=== Begin Enclosure ===

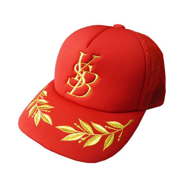 << 刺繍メッシュキャップ 「YSB」 >> アメカジテイストの真っ赤なメッシュキャップ!ゴールドの刺繍が入っていて、ツバの部分にまでこだわりが行き届いたキャップ。もちろん後ろはアジャスターが付いていて調節可能です。とても目立つ印象的なキャップなので古着系などと合わせても相性はバツグン!数量が少なめなので気になる方はお早めに!<サイズ>頭周り:約58cm(アジャスターで調節可能です。)ツバ:約8cm
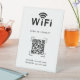 Professional WiFi access starts at reception. This sleek tabletop sign displays your QR code and login details for instant guest connectivity. Place it at your front desk, lobby, or waiting area to give clients, patients, and visitors seamless internet access without staff interruption. Customizable with your network name, password, and QR code for helpful first impression.
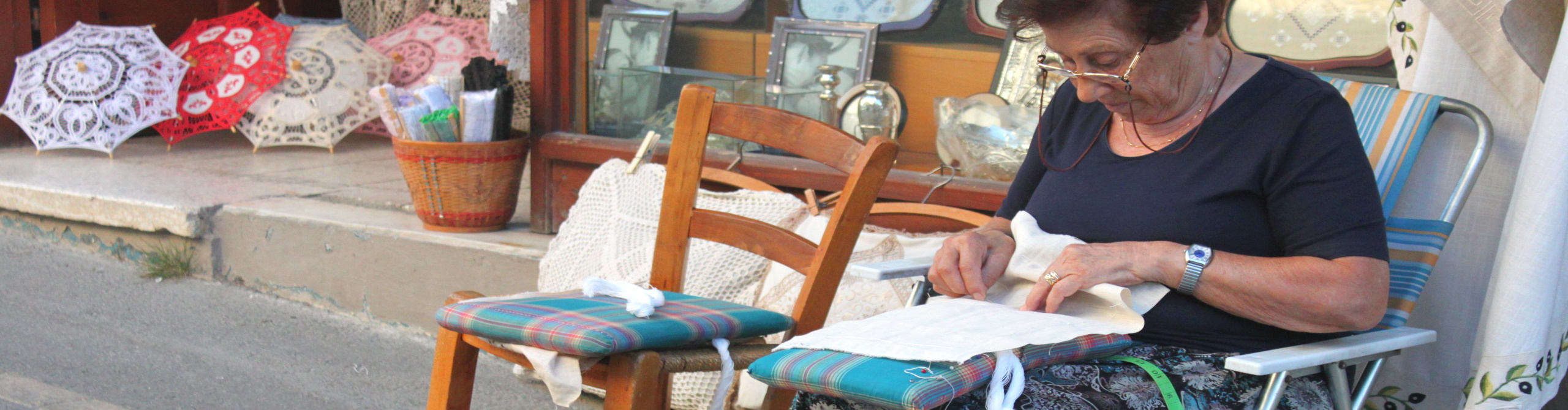 Прогулявшись по узеньким улочкам Лефкары, вы увидите женщин, сидящих возле своих каменных домиков с вышивками в руках. Согласитесь, уже этот факт придает деревне неповторимый колорит! В XXI веке вышивающих на улице женщин вы встретите нечасто, не правда ли? Вспомните пожалуйста, кто из ваших нынешних знакомых вышивает? Вариант “Моя бабушка вышивала” не считается! Немногие смогут назвать три имени, еще меньшее число людей вспомнят пятерых любительниц вышивки, а вот десять имен вряд ли удастся кому-либо припомнить. А в современной Лефкаре сегодня вышивают десятки коренных жительниц! И не только дамы пенсионного возраста, как подумали сейчас некоторые из вас. На улицах Лефкары вы увидете сорокалетних, тридцати и даже двадцатилетних вышивальщиц. Нужно признать, однако, что последних не так уж много.
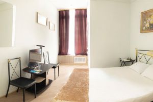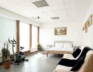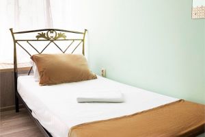 - В номере одна большая двуспальная кровать, одна односпальная кровать, телевизор с плоским экраном, шкаф для одежды, стулья, тумба, вид из окна на город, посуда, светильник "Ночник". В номере чайный набор: чай, кофе. Фен по запросу. Кондиционер, тапочки, косметика для личной гигиены, полотенца, постельные принадлежности. Рядом с номером ,на этаже , к услугам общего пользования установлены : кулер, гладильная доска, утюг. Бесплатный интернет.
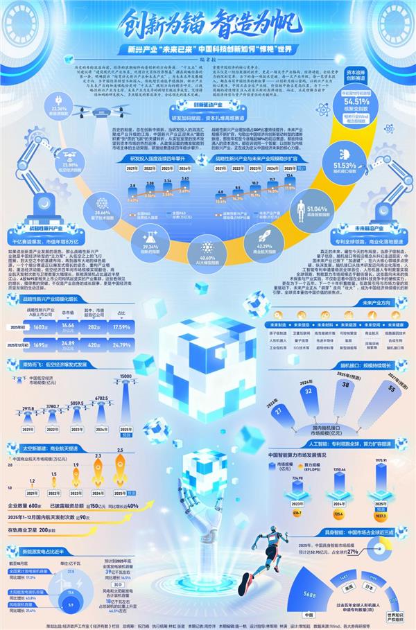 历史的车轮滚滚向前,经济的浪潮始终向着创新的方向奔涌。“十五五”规划建议将“建设现代化产业体系,巩固壮大实体经济根基”摆在战略任务的第一条,明确提出“培育壮大新兴产业和未来产业”,为未来五年发展锚定方向。当中国经济转型不断深入,传统增长动能平稳换挡,新兴产业与未来产业的加速崛起恰是对“十五五”规划方向的精准呼应,以战略性新兴产业为支撑、未来产业为先导的新增长极逐步成型,凭借持续加码的研发投入、多点爆发的赛道活力、全球领先的技术突破,重塑中国经济的核心竞争力。

=== End Enclosure ===

» **Exercise instructions**: Nothing but the text of the listing should be set down, exactly, with the pictures left behind.

» **Completed task**:
 << 刺繍メッシュキャップ 「YSB」 >> アメカジテイストの真っ赤なメッシュキャップ!ゴールドの刺繍が入っていて、ツバの部分にまでこだわりが行き届いたキャップ。もちろん後ろはアジャスターが付いていて調節可能です。とても目立つ印象的なキャップなので古着系などと合わせても相性はバツグン!数量が少なめなので気になる方はお早めに!<サイズ>頭周り:約58cm(アジャスターで調節可能です。)ツバ:約8cm
 Professional WiFi access starts at reception. This sleek tabletop sign displays your QR code and login details for instant guest connectivity. Place it at your front desk, lobby, or waiting area to give clients, patients, and visitors seamless internet access without staff interruption. Customizable with your network name, password, and QR code for helpful first impression.
 Прогулявшись по узеньким улочкам Лефкары, вы увидите женщин, сидящих возле своих каменных домиков с вышивками в руках. Согласитесь, уже этот факт придает деревне неповторимый колорит! В XXI веке вышивающих на улице женщин вы встретите нечасто, не правда ли? Вспомните пожалуйста, кто из ваших нынешних знакомых вышивает? Вариант “Моя бабушка вышивала” не считается! Немногие смогут назвать три имени, еще меньшее число людей вспомнят пятерых любительниц вышивки, а вот десять имен вряд ли удастся кому-либо припомнить. А в современной Лефкаре сегодня вышивают десятки коренных жительниц! И не только дамы пенсионного возраста, как подумали сейчас некоторые из вас. На улицах Лефкары вы увидете сорокалетних, тридцати и даже двадцатилетних вышивальщиц. Нужно признать, однако, что последних не так уж много.
 - В номере одна большая двуспальная кровать, одна односпальная кровать, телевизор с плоским экраном, шкаф для одежды, стулья, тумба, вид из окна на город, посуда, светильник "Ночник". В номере чайный набор: чай, кофе. Фен по запросу. Кондиционер, тапочки, косметика для личной гигиены, полотенца, постельные принадлежности. Рядом с номером ,на этаже , к услугам общего пользования установлены : кулер, гладильная доска, утюг. Бесплатный интернет.
 历史的车轮滚滚向前,经济的浪潮始终向着创新的方向奔涌。“十五五”规划建议将“建设现代化产业体系,巩固壮大实体经济根基”摆在战略任务的第一条,明确提出“培育壮大新兴产业和未来产业”,为未来五年发展锚定方向。当中国经济转型不断深入,传统增长动能平稳换挡,新兴产业与未来产业的加速崛起恰是对“十五五”规划方向的精准呼应,以战略性新兴产业为支撑、未来产业为先导的新增长极逐步成型,凭借持续加码的研发投入、多点爆发的赛道活力、全球领先的技术突破,重塑中国经济的核心竞争力。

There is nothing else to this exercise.